Required action:
Transcribe exactly, and only, the lines running from the one that contains "Contains an 8" through the last line of the material. No pictures.

BEGIN Provided data

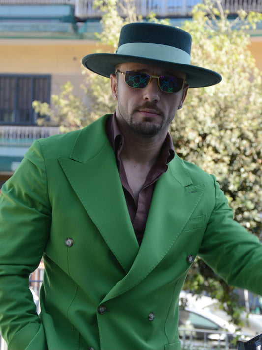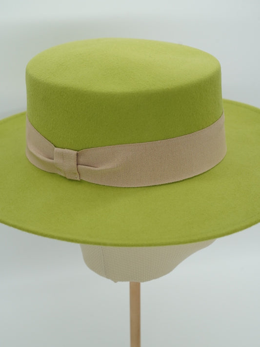 Cappello a cilindro piatto in feltro verde trifoglio
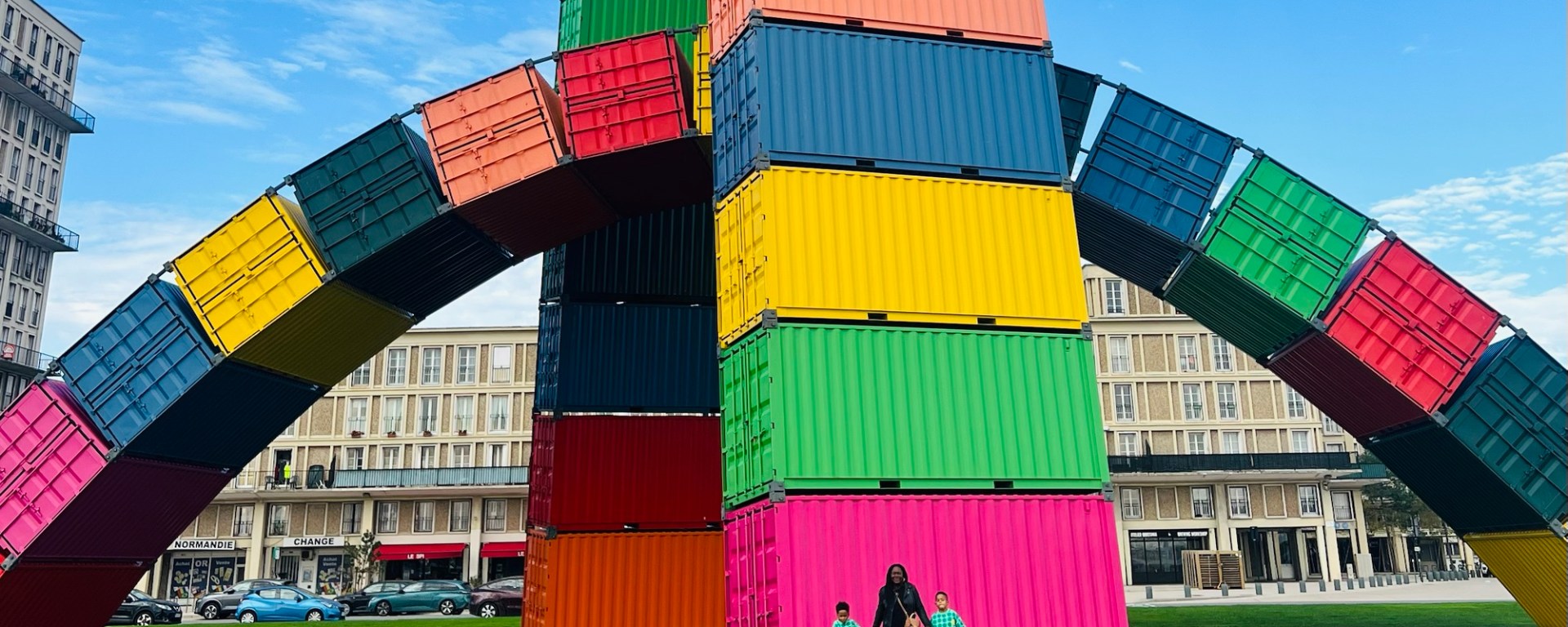 Notre première journée au Havre a été riche en découvertes. Nous avons commencé par le monument des soldats Havrais et la victoire de la France, un lieu empreint d’histoire, puis nous avons admiré l’architecture moderne du Volcan, conçu par Oscar Niemeyer. Ensuite, direction la carène des containers, créée en 2017 par Vincent Ganivet pour marquer le 500e anniversaire du port. Elle s’inscrit dans le cadre du festival « Un été au Havre », qui a lieu tous les ans depuis 2017 et qui permet à des artistes d’exposer leurs œuvres. Après, nous sommes revenus visiter vers la Cathédrale Notre-Dame, avec ses magnifiques vitraux et son atmosphère apaisante. Nous avons trouvé à proximité une pâtisserie qui fait des sandwichs, des pizzas c’est là que nous avons déjeuné. Ventre plein, Nadia contente donc direction les quais et la passerelle du bassin de commerce pour avoir la vue des 2 côtés des quais, il faisait beau et aux alentours on trouve des bancs pour faire une petite pause.
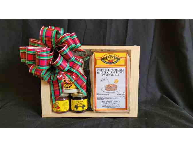 Contains an 8 oz. bottle of Grade A Dark Amber Maple Syrup, 1.5 oz. each of Wild Blueberry and Raspberry Spreads, and a full 24 oz. package of Zeb's Buttermilk and Honey Pancake Mix.
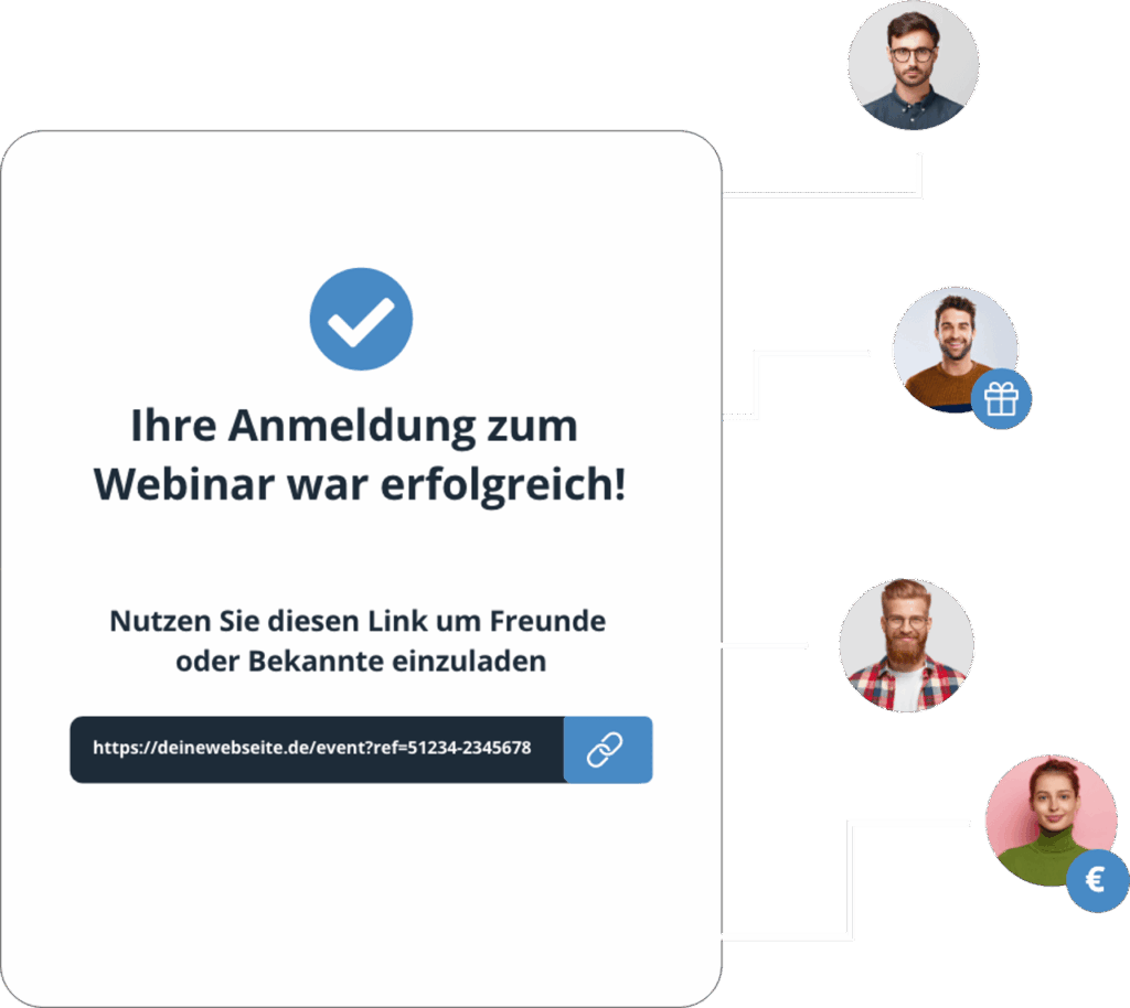Unsere Software generiert den angemeldeten Teilnehmern automatisch einen persönlichen Link, der auf der Danke-Seite zur Verfügung gestellt wird und mit dem sie Freunde oder Bekannte ebenfalls zum Webinar einladen können.

END Provided data

Answer for this exercise:
 Contains an 8 oz. bottle of Grade A Dark Amber Maple Syrup, 1.5 oz. each of Wild Blueberry and Raspberry Spreads, and a full 24 oz. package of Zeb's Buttermilk and Honey Pancake Mix.
Unsere Software generiert den angemeldeten Teilnehmern automatisch einen persönlichen Link, der auf der Danke-Seite zur Verfügung gestellt wird und mit dem sie Freunde oder Bekannte ebenfalls zum Webinar einladen können.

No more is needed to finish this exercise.